November 1, 1955: The Vietnam War begins, at least according to the US government. Even though the Viet Cong had already begun battling the South Vietnamese government and the North Vietnamese government wouldn’t officially get involved until the following year, this is the date the US government reorganized its Military Assistance Advisory Group for Indochina by country. The birth of “MAAG Vietnam” is considered by Washington to mark the start of the war, and when it lists US deaths in the war it starts the count on this date.
November 2, 1917: The Balfour Declaration is issued.
November 2, 1964: Saudi King Saud bin Abdulaziz is ousted in an internal family coup. Saud and his brother/crown prince, Faysal, had been engaged in a power struggle since their father’s death in 1953, one that Faysal really won earlier in the year when he and the rest of the ruling family stripped Saud of most of his authority and forced him to name Faysal as his regent. Saud’s mismanagement of the country, along with concerns that he was losing the “Arab Cold War” to Gamal Abdel Nasser and republicanism, led to his marginalization and ultimately removal from power. Finally in November the ruling family officially deposed Saud and made Faysal king.
INTERNATIONAL
In today’s global news:
Worldometer is tracking COVID-19 cases and fatalities.
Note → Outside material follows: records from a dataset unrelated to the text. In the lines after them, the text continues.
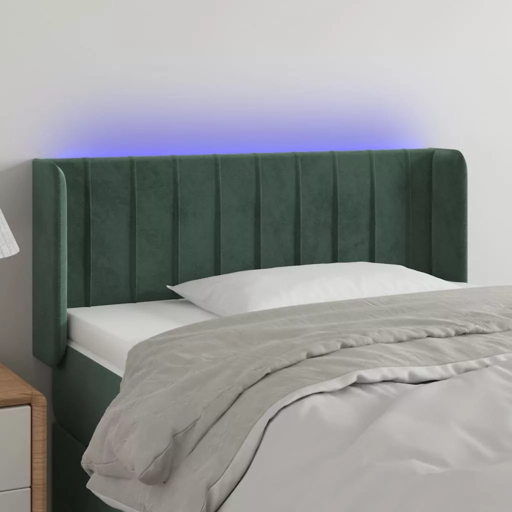 sötétzöld bársony LED-es fejtámla 93 x 16 x 78/88 cm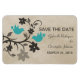 Doce e caprichosa Floral Lovebird Salva o Premium Flexi Magnet com data apresentando uma cascata de flores em uma videira suja e um par de bezerros de turquesa com uma safra parecem texturizados como fundo de arte digital em bege. Esta imã salve a data adorável é perfeita para anunciar seu casamento de primavera ou verão. Fácil de personalizar, simplesmente adicione seus detalhes de casamento. Clique em "Personalizar" para encontrar mais opções de personalização.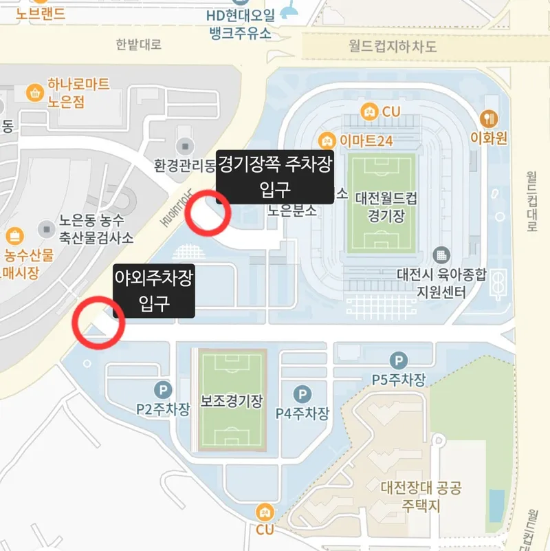 대전월드컵경기장은 크게 경기장 쪽 주차장과 야외 주차장으로 나누어 볼 수 있는데요. 두 개의 입구가 다르니 지도상 위치를 보시고 주차를 하려는 구역으로 들어가시면 됩니다.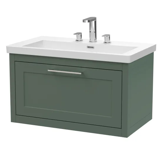 BC Designs Crestfield 800mm Forest Green Wall Hung 1-Drawer Vanity Unit Including 3 Taphole Basin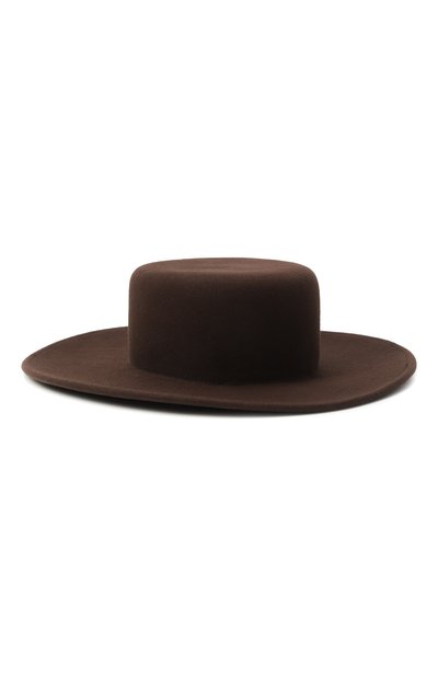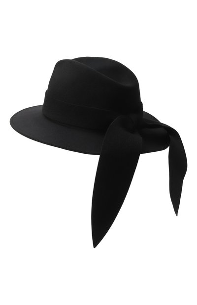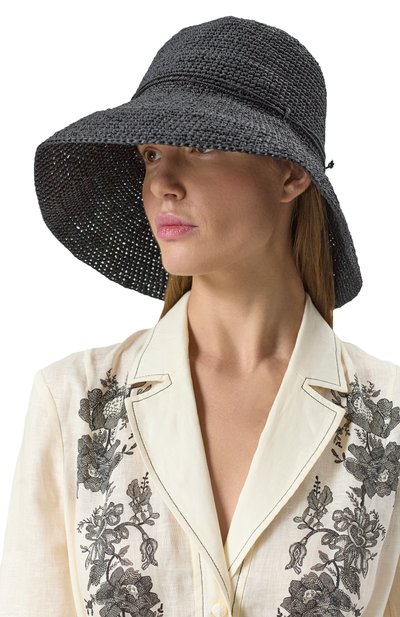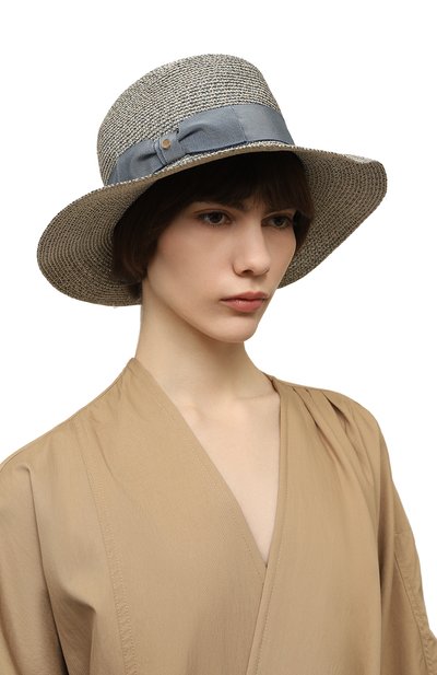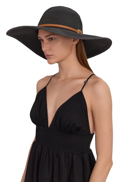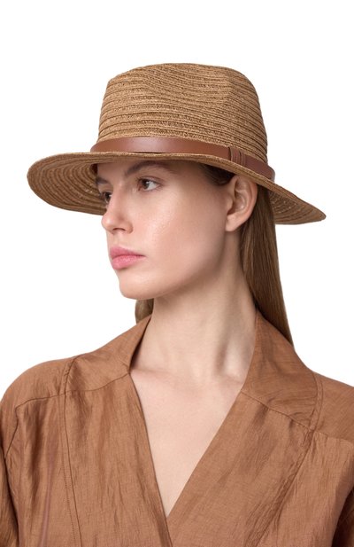 Широкополую шляпу Fedora сплели из легкой бумажной соломки. Высокую тулью с вмятиной подчеркнули репсовой лентой с золотистым брендированным медальоном.
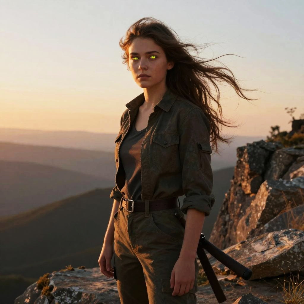 Photorealistic digital art of a determined young woman with glowing green eyes, wearing a dark military-style outfit, standing on a rocky mountain peak at sunset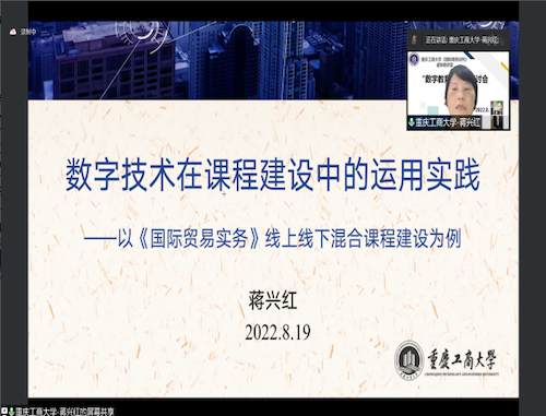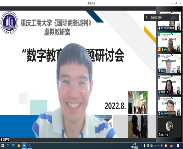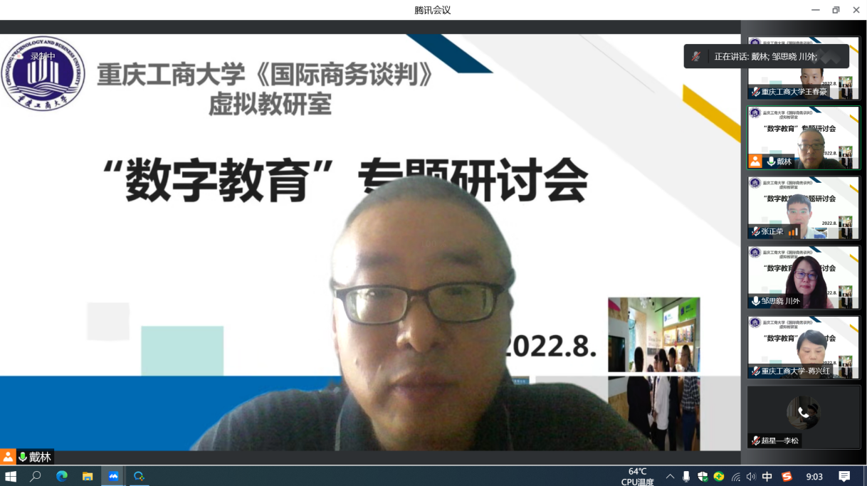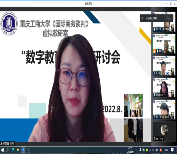 2022年8月19日,重庆工商大学校级虚拟教研室,《国际商务谈判》虚拟教研室“2022数字教育专题研讨会”在腾讯会议平台成功举办,会议由教研室负责人戴林副教授主持,校外成员浙江理工大学管理学院跨境电子商务研究所所长张正荣、四川外国语大学国际金融与贸易学院国际经济与贸易系主任邹思晓以及校内成员蒋兴红、王春豪、冉梨等老师参加了会议,特邀超星公司李松、张秋林和刘文静老师参加研讨。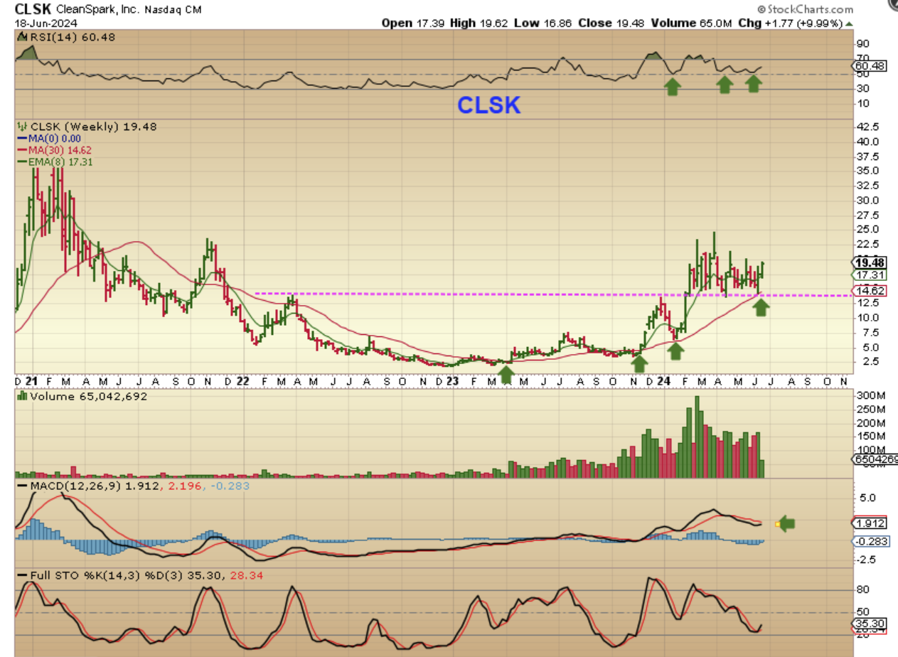 CLSK WEKLY- 2 weeks green. So now I look at the weekly chart and it has chopped sideways ABOVE a recent break out (that was as it was holding the $14 and $16 support areas). CLSK just tagged that 30 week ma and reversed higher too (Bullish), and has nice volume, so CLSK may be preparing to launch soon too. Remember: This 2 week climb came with Bitcoin dropping.
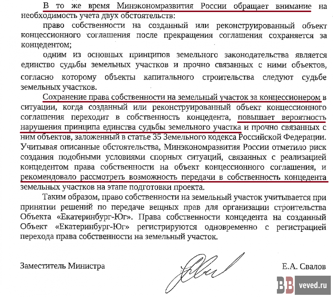 Однако в том же ответе замминистра областного ЖКХ Егор Свалов добавил, что Минэкономразвития рекомендовало передать права собственности на участок концеденту (которым выступает государство в лице правительства Свердловской области), объясняя это соблюдением «принципа единства судьбы земельного участка и прочно связанных с ним объектов».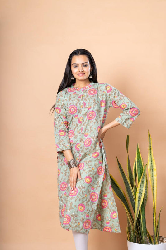 Ekisha women's cotton pink printed straight floral kurta kurti round neck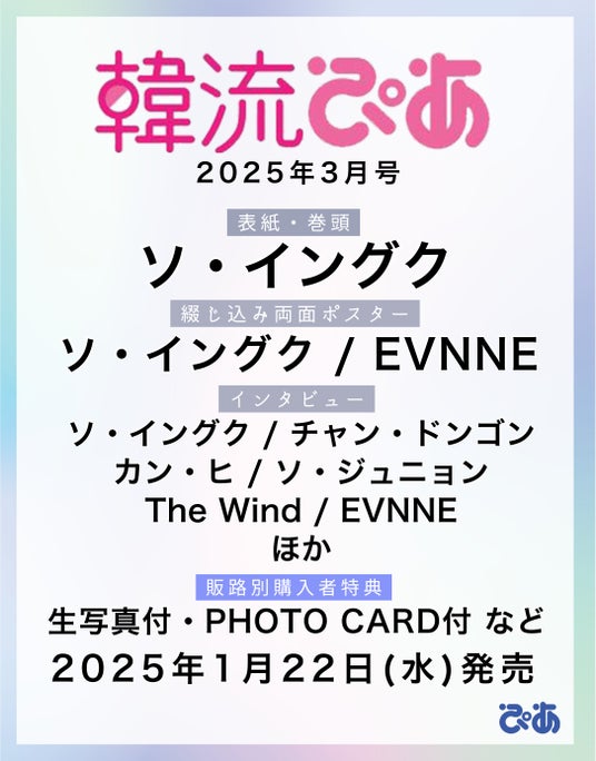 貴社ますますご清祥のこととお慶び申し上げます。『韓流ぴあ』2025年3月号(ぴあ株式会社発行)は、俳優兼歌手として活動するソ・イングクが表紙を飾ります。貴媒体にてご紹介の程、宜しくお願い申し上げます。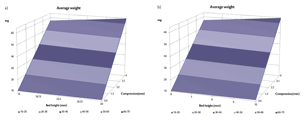 As it can be deduced also by coefficient digits, compression is by far the most relevant factor affecting final weight, as also confirmed by significance of interaction terms involving this parameter. This is also evidenced by response surfaces related to interaction between compression and bed powder height (Figure 2a) or between compression and dosage (Figure 2b).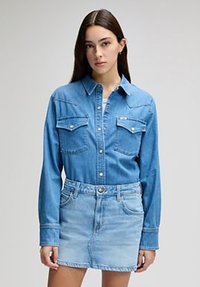 Tumši zila denima krekls ar pogu priekšpusi, norādītu apkakli, krūšu kabatām un garām piedurknēm, ar baltām snap pogām un izliekto apakšu.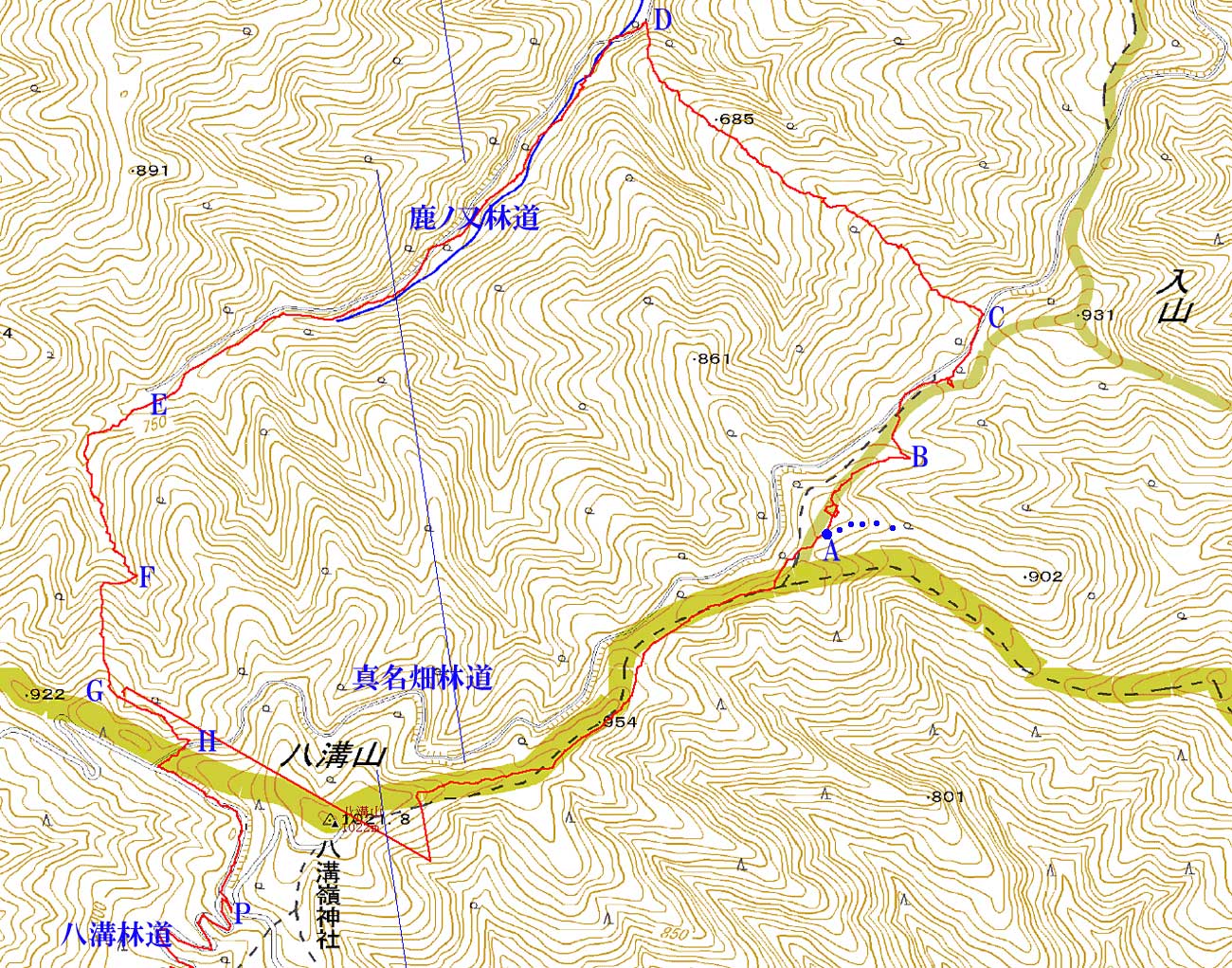 ・A〜Bの間、要注意です。全般的に荒れており、地形図など読みながら歩くコースです。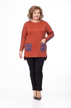 Туника женская свободного силуэта. Рукав реглан. Длина ассимернична. По переду туники выплен декоративный шоа. Карманы накладные функциональные.
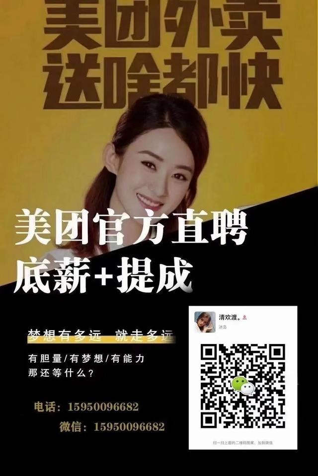 美团招暑假工或者全职,做满两个月奖励1000(纯新骑手)提供车辆,18-48岁。电话15950096682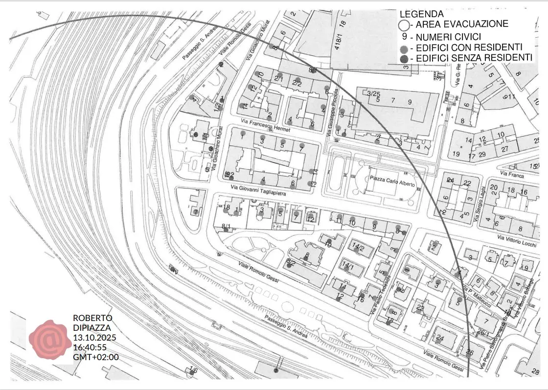 Secondo i calcoli dell’amministrazione municipale, l’evacuazione di Campo Marzio coinvolgerà un migliaio di persone. Gli uffici comunali hanno individuato tutti gli edifici che rientrano nella Zona Rossa e hanno diffuso la lista di quelli interessati al provvedimento strada per strada. In via Romolo Gessi sono i civici 2, 4, 6, 8/1, 10, 12, 14, 14/1, 14/2, 16, 18, 24, 26, 26/1; in via Matteucci sono i civici 1, 3, 4, 5; in via Tedeschi sono i civici 1, 2, 3, 5, 6, 7, 8; in piazza Carlo Alberto sono i civici 1, 2, 9, 10, 11, 12, 13, 14; in via Picciola sono i civici 1, 3, 4, 6; in via Hermet sono i civici 1, 2, 2/1, 2/2, 3, 4, 5, 6, 7; in via Murat 1, 1/1, 1/2, 3, 5, 7, 7/b, 8, 8/1, 10, 12, 14, 16, 18; in via Tagliapietra sono i civici 1, 3, 4, 5, 6, 7. Infine è interessata al provvedimento l’aera demaniale di passeggio Sant’Andrea.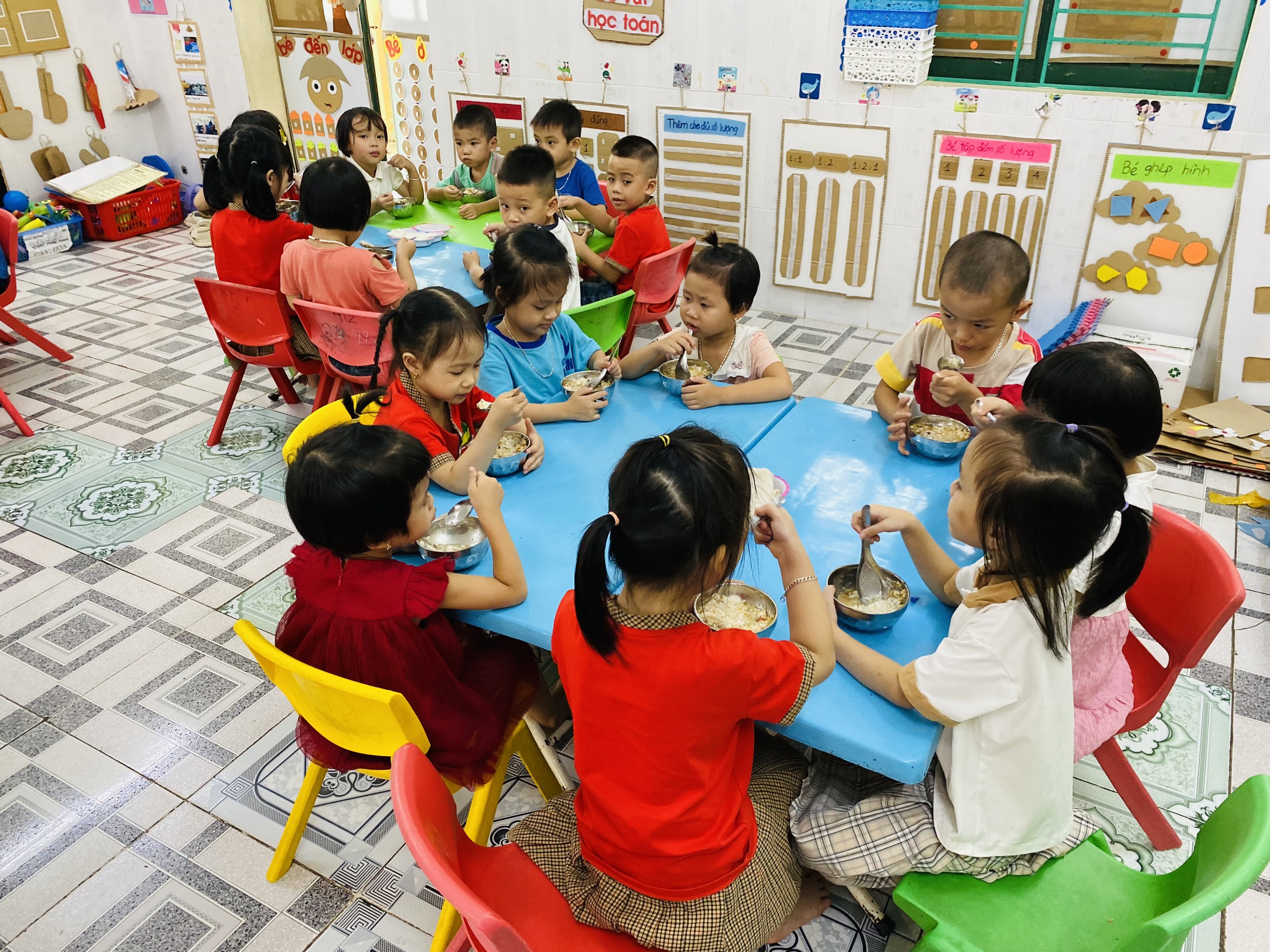 Giờ ăn trưa là một hoạt động quan trọng trong chế độ sinh hoạt hằng ngày của trẻ mầm non. Tại lớp, các bé được cô giáo hướng dẫn rửa tay sạch sẽ trước khi ăn, ngồi ngay ngắn và tự xúc ăn theo khả năng của mình. Trong bữa ăn, cô giáo luôn quan tâm, động viên để các con ăn ngon miệng, ăn hết suất, đồng thời nhẹ nhàng nhắc nhở trẻ giữ gìn vệ sinh, không nói chuyện to và biết mời cô, mời bạn trước khi ăn. Bữa ăn không chỉ giúp trẻ bổ sung đầy đủ dinh dưỡng để phát triển khỏe mạnh, mà còn rèn cho trẻ nề nếp, kỹ năng tự phục vụ và thói quen ăn uống khoa học. Với sự chăm sóc tận tình của cô giáo, giờ ăn trưa luôn diễn ra trong không khí vui vẻ, ấm áp, giúp các con cảm nhận được sự quan tâm và yêu thương mỗi ngày khi đến trường. 🌱

The New York Times is tracking global vaccine distribution.
A group of 90 countries, including Brazil which is apparently a new development, unveiled an agreement to curb global methane output during Tuesday’s session of the COP26 climate summit in Glasgow. The plan calls for cutting methane emissions by 30 percent, based on a 2020 baseline, by the end of this decade. Mostly this will involve tightening emissions requirements for energy firms, since leaks from oil and gas extraction account for a substantial portion of methane emissions. But of the world’s top five emitters, only two—the United States and the aforementioned Brazil—are part of this group. The other three—China, India, and Russia—are not.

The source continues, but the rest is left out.